Regia: Katia Berardi
Collaborazione di: Pierluigi Siena
Riprese: Rudy Cocer
Copyright: Provincia Autonoma di Bolzano
Anno: 2001
Durata: 15′
L’ufficio Cultura Italiana e la Provincia Autonoma di Bolzano presenta un’altra iniziativa per capire l’arte attraverso un percorso guidato.
Gino Severini (Cortona 1883 – Parigi 1966)
Interventi: Pier Luigi Siena, Romana Severini, figlia del pittore, Daniela Fonti, curatrice della mostra “Severini futurista”, Museo Gugenheim, Venezia Inizia a dipingere molto giovane a Roma dove conosce Umberto Boccioni e con lui frequenta lo studio di Giacomo Balla, artista già affermato da cui ricava i primi contatti con il post-impressionismo e la tecnica divisionista, che influenzeranno le sue prime composizioni
(Via di Porta Pinciana al tramonto, 1903).
A Parigi, dove si trasferisce nel 1906, Severini conosce l’arte di Seurat, stringe amicizia con Modigliani e può ammirare le opere cubiste di Picasso e Braque.
Nel 1910 aderisce al Manifesto della pittura futurista, assieme a Balla, Boccioni, Carrà e Russolo e negli anni seguenti svolge una proficua funzione di tramite tra l’arte degli amici futuristi e gli ultimi sviluppi della ricerca artistica raggiunti nella capitale francese, in particolare con il cubismo.
A Parigi frequenta oltre ai circoli di intellettuali, i cabarets ed i locali di Mont Martre, dipingendo scene di vita notturna. Sono di questo periodo opere come Le chat noir, (1912), La dance du Pan Pan a Monico, una tela che sintetizza cubismo e futurismo (distrutta durante il nazismo e ridipinta nel 1959 da Severini stesso, in base a fotografie), le prime Danzatrici, che rivelano una “Weltanschaung” (visione della realtà ) del tutto rinnovata, in seguito alle teorizzazioni futuriste di Marinetti, ma anche e soprattutto per una nuova concezione della pittura da parte di Severini.
Brillantezza del colore, rottura degli schemi prospettici e della gerarchia figurativa, movimento e dinamismo futurista si esplicitano nelle opere di questo periodo, in particolare nella serie di dipinti ispirati alla danza, (Ryhtme de danseuse en bleu, 1912), che offrono anche la scoperta della simultaneità e la moltiplicazione dei punti di vista.
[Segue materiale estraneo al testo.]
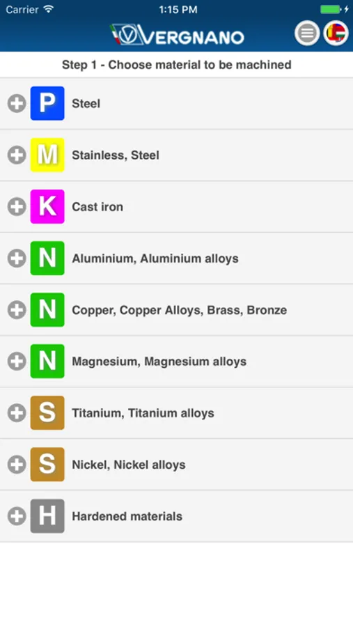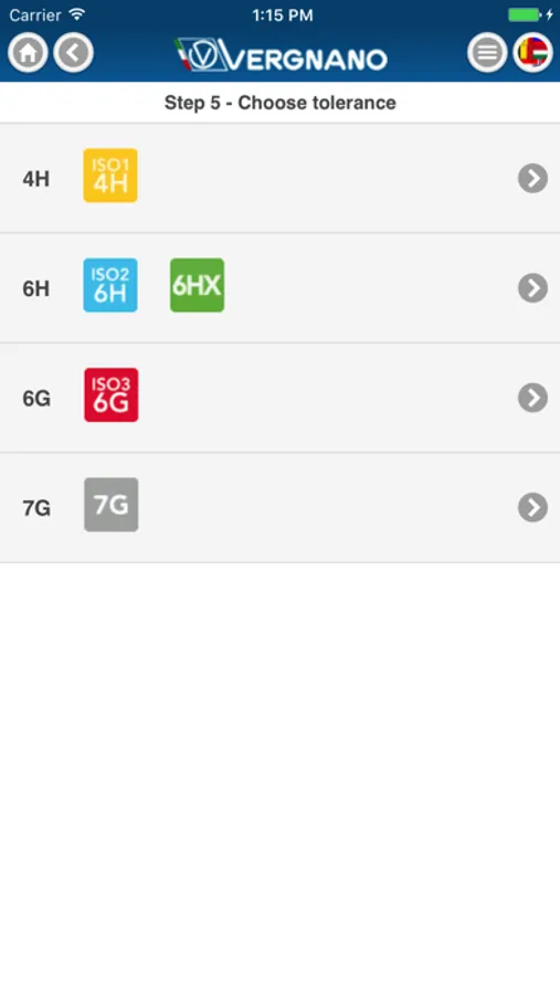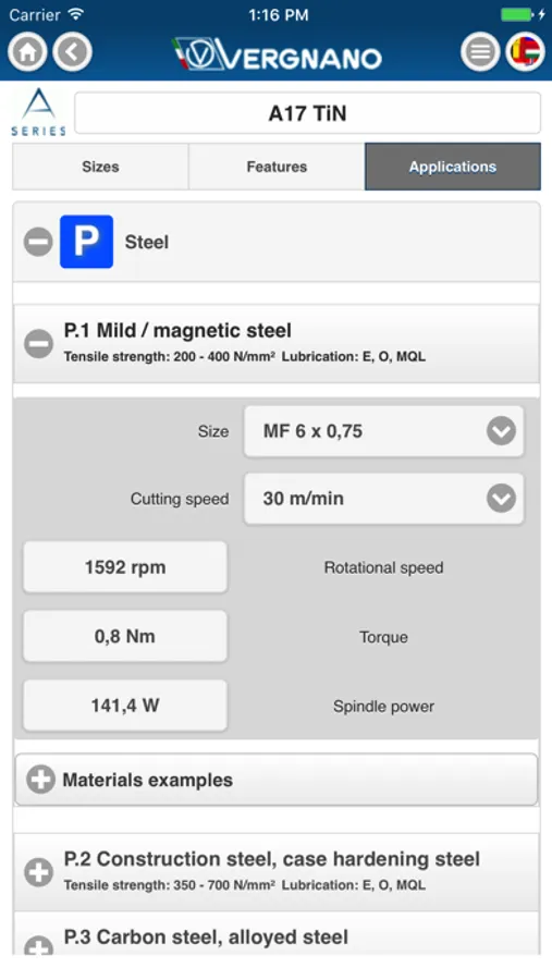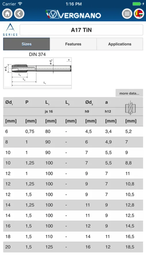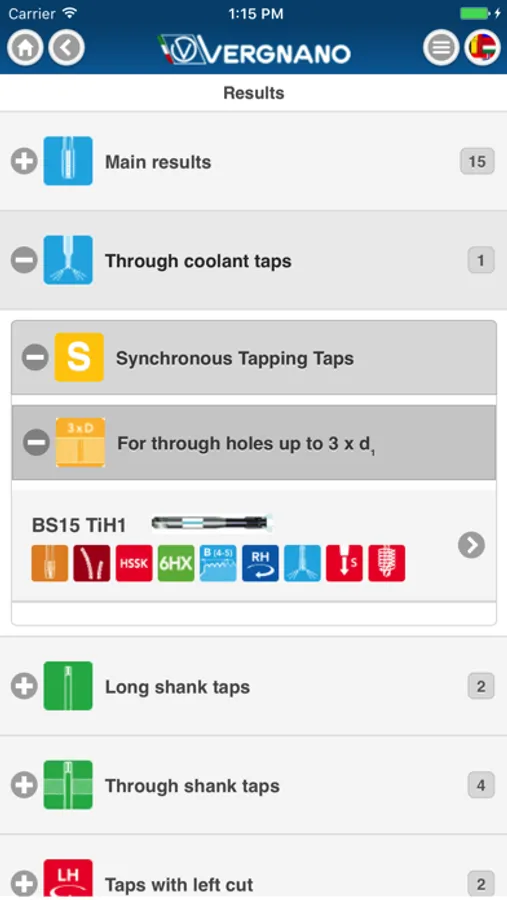 Search for taps in the Vergnano catalogue that better suit threading machining parameters in applications, based on:

Contemporaneamente e negli anni successivi Severini sperimenta anche i collage cubisti (Omaggio a mio padre, 1912), interpretando la scomposizione cubista come successione ritmica di piani e colori (La donna seduta, 1914).
Nel 1916, tempera la sperimentazione in una classicità tipicamente italiana (Ritratto di Jeanne e Maternità , 1916), anticipando il “ritorno all’ordine” proclamato di lì a poco in tutta Europa.
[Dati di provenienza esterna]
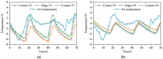 Figure 3 shows the temperature time history curves of the top and bottom of the RCP at different horizontal positions, which characterize the horizontal distribution of the temperature in the RCP. Overall, the temperature change in the plate lagged behind the air temperature, and the lag at the bottom is more obvious. The proportion of temperature–rise time in a temperature cycle was approximately 1/4, which is significantly smaller than the proportion of the temperature–fall time. This is because the decreasing temperature phase is simply the heat exchange between the concrete and the external environment in relation to the external temperature, whereas in the increasing temperature phase, the concrete pavement is affected not only by the external temperature but also by the thermal radiation, which accounts for approximately 50% of the effect.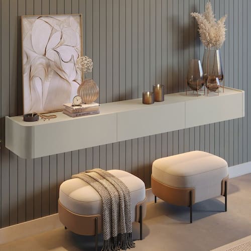 Nicho suspenso com design minimalista e acabamento amadeirado, ideal para hall, corredor ou sala. As linhas retas com cantos arredondados deixam o visual leve e sofisticado, enquanto a prateleira é perfeita para apoiar livros, vasos e objetos do dia a dia, mantendo tudo organizado e à mão. Uma solução prática para decorar com elegância e otimizar o espaço, criando um ponto de destaque na parede sem pesar no ambiente.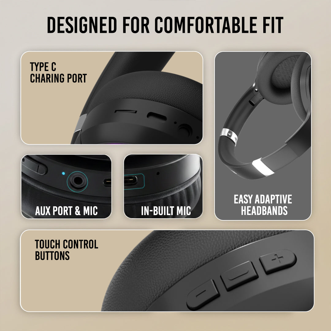 Equipped with 40mm dynamic drivers, the headset delivers HD immersive sound, super bass, and true sound surround, creating a rich audio experience for music and entertainment lovers. With up to 13 hours of playback* and a quick 2-hour charging time, it keeps up with your daily routine without interruption.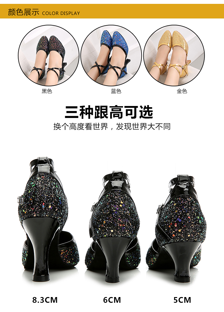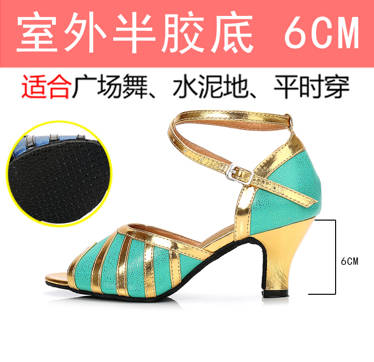 2024新款拉丁舞鞋女广场舞舞蹈鞋中高跟交谊跳舞女鞋室外秋冬凉鞋
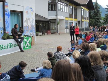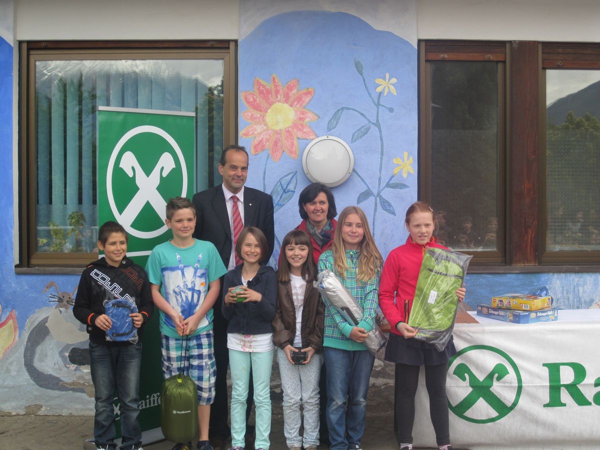 Der Geschäftsführer der Raiffeisenkasse Schenna Klaus Gufler nahm die Prämierung der besten Bilder vor. Wie auch in den vergangenen Jahren gab es heuer wieder einen Klasssenpreis, den die 4 A gewonnen hat und sich auf ein gemeinsames Eis essen freuen konnte. Der Überraschungsgast des Tages war ein Uhu, den Herr Campei Willy von der Pflegestation Dorf Tirol mitbrachte. Er erklärte den Kinder die Eigenschaften und die Lebensweise von Uhu´s und anderen wilden Vögeln und beantwortete die vielen Fragen der interessierten Kinder. Heuer wurden erstmals zusätzlich 2 Preise vergeben, für jene, die beim Quiz auf Landesebene gewonnen haben. Als kleine Jause zwischendrin spendierte die Raiffeisenkasse Pizza und Getränke für alle.

Conosce il matematico Bricard, si appassiona agli studi della geometria e della matematica e nel 1921 pubblica il testo Du cubisme au classicisme in cui si esplicita il suo interesse teorico-scientifico e la ricerca estetica di armonia e rigore costruttivo.
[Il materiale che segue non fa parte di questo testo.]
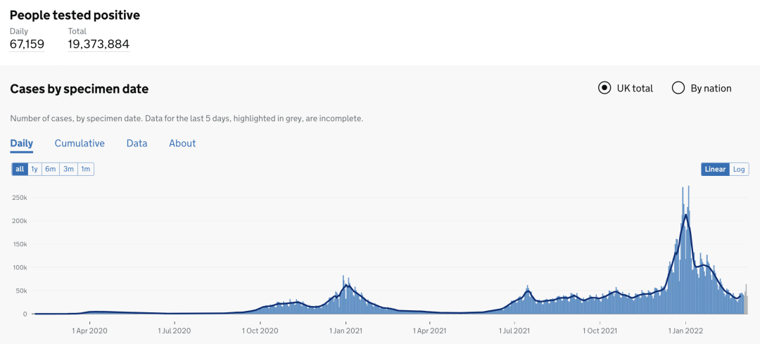 英国日增确诊案例趋势图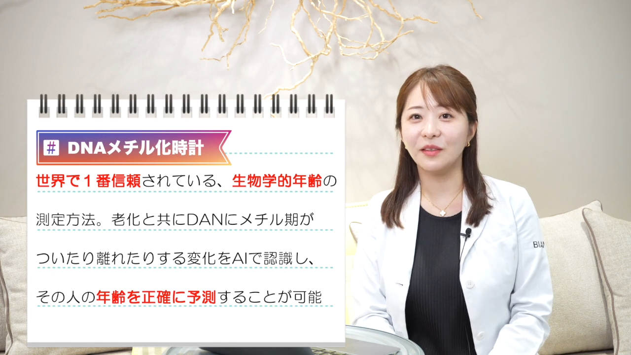 では、どうやって体内年齢を把握するのかというと、BIANCAではDNAメチル化時計という指標を採用しています。生物学的年齢にもいろいろな種類があるのですが、世界的にも科学的に信頼できると考えられている指標です。老化とともにDNAにメチル化がついたり離れたりする変化をAIで認識し、体内年齢を正確に予測できます。

Sotto il segno del ritorno ad un plasticismo di stampo tradizionale sono le grandi decorazioni del castello di Montefugoni (Firenze), e i vari Arlecchini e maschere del teatro dell’arte. Dopo l’incontro con il filosofo Maritain, si acuiscono le crisi religiose e Severini si avvia ad una concezione dell’arte sempre più mistica.
Vuole creare una nuova lettura del sacro, attraverso la decorazione parietale delle chiese, recuperando allÂ’artista il suo antico mestiere di narratore al servizio dello spirito. Tra la metà degli anni Venti e Trenta, affresca e lavora a mosaico in molte chiese svizzere. Negli anni Quaranta torna ad una sorta di post-cubismo.
Abbandonata la registrazione documentaria dei fatti, la sua pittura approda ad una rinnovata libertà formale. Severini ritorna al tema caro della danza e dello spettacolo come vortice astratto di luci e colori
(Ritmo ed architettura delle tre Grazie, 1949; Pas de deux n. 1, 2, 1950).